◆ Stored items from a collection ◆
.....

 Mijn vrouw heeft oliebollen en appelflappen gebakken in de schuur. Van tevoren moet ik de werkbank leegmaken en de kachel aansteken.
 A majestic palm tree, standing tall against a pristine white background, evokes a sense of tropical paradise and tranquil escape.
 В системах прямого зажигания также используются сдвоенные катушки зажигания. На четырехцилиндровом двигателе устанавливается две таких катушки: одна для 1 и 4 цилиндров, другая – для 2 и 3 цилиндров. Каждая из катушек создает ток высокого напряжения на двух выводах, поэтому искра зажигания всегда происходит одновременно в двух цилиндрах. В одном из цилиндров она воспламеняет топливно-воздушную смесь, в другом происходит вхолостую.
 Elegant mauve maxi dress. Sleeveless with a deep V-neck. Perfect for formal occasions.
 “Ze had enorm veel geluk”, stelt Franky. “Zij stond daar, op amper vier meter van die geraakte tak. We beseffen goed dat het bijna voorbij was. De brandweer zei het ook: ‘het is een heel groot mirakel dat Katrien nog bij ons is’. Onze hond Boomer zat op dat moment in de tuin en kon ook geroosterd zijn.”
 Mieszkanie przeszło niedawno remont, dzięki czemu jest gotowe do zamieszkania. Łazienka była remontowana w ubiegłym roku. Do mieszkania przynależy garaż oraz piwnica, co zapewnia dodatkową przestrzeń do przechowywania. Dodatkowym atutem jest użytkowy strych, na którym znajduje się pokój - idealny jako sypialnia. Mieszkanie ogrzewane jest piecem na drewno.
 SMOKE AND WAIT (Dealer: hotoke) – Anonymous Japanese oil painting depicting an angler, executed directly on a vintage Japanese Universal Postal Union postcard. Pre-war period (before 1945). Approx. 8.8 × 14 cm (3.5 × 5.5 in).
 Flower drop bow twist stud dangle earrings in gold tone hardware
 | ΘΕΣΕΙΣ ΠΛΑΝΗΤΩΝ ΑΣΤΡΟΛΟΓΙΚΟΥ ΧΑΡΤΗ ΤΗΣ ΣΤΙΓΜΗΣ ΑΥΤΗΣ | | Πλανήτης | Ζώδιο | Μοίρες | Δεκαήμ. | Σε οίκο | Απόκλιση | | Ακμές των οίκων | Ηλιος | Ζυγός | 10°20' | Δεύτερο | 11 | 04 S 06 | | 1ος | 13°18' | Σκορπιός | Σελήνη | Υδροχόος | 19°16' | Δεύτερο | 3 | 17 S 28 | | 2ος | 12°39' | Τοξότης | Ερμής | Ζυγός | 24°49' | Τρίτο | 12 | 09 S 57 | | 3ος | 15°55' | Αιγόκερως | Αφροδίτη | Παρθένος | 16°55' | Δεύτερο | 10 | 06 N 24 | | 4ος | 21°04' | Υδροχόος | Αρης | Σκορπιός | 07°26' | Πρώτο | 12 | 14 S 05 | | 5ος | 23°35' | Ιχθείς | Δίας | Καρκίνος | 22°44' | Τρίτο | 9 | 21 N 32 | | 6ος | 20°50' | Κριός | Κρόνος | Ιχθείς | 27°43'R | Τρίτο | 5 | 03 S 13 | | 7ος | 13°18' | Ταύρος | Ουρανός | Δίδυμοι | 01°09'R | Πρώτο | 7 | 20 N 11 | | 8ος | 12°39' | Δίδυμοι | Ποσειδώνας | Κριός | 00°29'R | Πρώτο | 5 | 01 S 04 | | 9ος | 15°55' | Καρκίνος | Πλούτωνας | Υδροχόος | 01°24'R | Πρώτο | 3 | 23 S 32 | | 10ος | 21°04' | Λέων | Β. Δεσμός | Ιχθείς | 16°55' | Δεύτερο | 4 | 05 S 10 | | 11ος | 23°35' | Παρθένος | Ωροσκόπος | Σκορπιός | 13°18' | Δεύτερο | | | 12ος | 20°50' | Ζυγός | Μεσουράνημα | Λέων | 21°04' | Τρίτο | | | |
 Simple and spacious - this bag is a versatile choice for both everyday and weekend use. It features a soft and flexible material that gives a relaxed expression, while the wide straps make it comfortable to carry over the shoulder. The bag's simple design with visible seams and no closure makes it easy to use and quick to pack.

.....

◆ Assignment ◆
Copy out the data in full, exactly.

◆ Reply ◆
 Mijn vrouw heeft oliebollen en appelflappen gebakken in de schuur. Van tevoren moet ik de werkbank leegmaken en de kachel aansteken.
 A majestic palm tree, standing tall against a pristine white background, evokes a sense of tropical paradise and tranquil escape.
 В системах прямого зажигания также используются сдвоенные катушки зажигания. На четырехцилиндровом двигателе устанавливается две таких катушки: одна для 1 и 4 цилиндров, другая – для 2 и 3 цилиндров. Каждая из катушек создает ток высокого напряжения на двух выводах, поэтому искра зажигания всегда происходит одновременно в двух цилиндрах. В одном из цилиндров она воспламеняет топливно-воздушную смесь, в другом происходит вхолостую.
 Elegant mauve maxi dress. Sleeveless with a deep V-neck. Perfect for formal occasions.
 “Ze had enorm veel geluk”, stelt Franky. “Zij stond daar, op amper vier meter van die geraakte tak. We beseffen goed dat het bijna voorbij was. De brandweer zei het ook: ‘het is een heel groot mirakel dat Katrien nog bij ons is’. Onze hond Boomer zat op dat moment in de tuin en kon ook geroosterd zijn.”
 Mieszkanie przeszło niedawno remont, dzięki czemu jest gotowe do zamieszkania. Łazienka była remontowana w ubiegłym roku. Do mieszkania przynależy garaż oraz piwnica, co zapewnia dodatkową przestrzeń do przechowywania. Dodatkowym atutem jest użytkowy strych, na którym znajduje się pokój - idealny jako sypialnia. Mieszkanie ogrzewane jest piecem na drewno.
 SMOKE AND WAIT (Dealer: hotoke) – Anonymous Japanese oil painting depicting an angler, executed directly on a vintage Japanese Universal Postal Union postcard. Pre-war period (before 1945). Approx. 8.8 × 14 cm (3.5 × 5.5 in).
 Flower drop bow twist stud dangle earrings in gold tone hardware
 | ΘΕΣΕΙΣ ΠΛΑΝΗΤΩΝ ΑΣΤΡΟΛΟΓΙΚΟΥ ΧΑΡΤΗ ΤΗΣ ΣΤΙΓΜΗΣ ΑΥΤΗΣ | | Πλανήτης | Ζώδιο | Μοίρες | Δεκαήμ. | Σε οίκο | Απόκλιση | | Ακμές των οίκων | Ηλιος | Ζυγός | 10°20' | Δεύτερο | 11 | 04 S 06 | | 1ος | 13°18' | Σκορπιός | Σελήνη | Υδροχόος | 19°16' | Δεύτερο | 3 | 17 S 28 | | 2ος | 12°39' | Τοξότης | Ερμής | Ζυγός | 24°49' | Τρίτο | 12 | 09 S 57 | | 3ος | 15°55' | Αιγόκερως | Αφροδίτη | Παρθένος | 16°55' | Δεύτερο | 10 | 06 N 24 | | 4ος | 21°04' | Υδροχόος | Αρης | Σκορπιός | 07°26' | Πρώτο | 12 | 14 S 05 | | 5ος | 23°35' | Ιχθείς | Δίας | Καρκίνος | 22°44' | Τρίτο | 9 | 21 N 32 | | 6ος | 20°50' | Κριός | Κρόνος | Ιχθείς | 27°43'R | Τρίτο | 5 | 03 S 13 | | 7ος | 13°18' | Ταύρος | Ουρανός | Δίδυμοι | 01°09'R | Πρώτο | 7 | 20 N 11 | | 8ος | 12°39' | Δίδυμοι | Ποσειδώνας | Κριός | 00°29'R | Πρώτο | 5 | 01 S 04 | | 9ος | 15°55' | Καρκίνος | Πλούτωνας | Υδροχόος | 01°24'R | Πρώτο | 3 | 23 S 32 | | 10ος | 21°04' | Λέων | Β. Δεσμός | Ιχθείς | 16°55' | Δεύτερο | 4 | 05 S 10 | | 11ος | 23°35' | Παρθένος | Ωροσκόπος | Σκορπιός | 13°18' | Δεύτερο | | | 12ος | 20°50' | Ζυγός | Μεσουράνημα | Λέων | 21°04' | Τρίτο | | | |
 Simple and spacious - this bag is a versatile choice for both everyday and weekend use. It features a soft and flexible material that gives a relaxed expression, while the wide straps make it comfortable to carry over the shoulder. The bag's simple design with visible seams and no closure makes it easy to use and quick to pack.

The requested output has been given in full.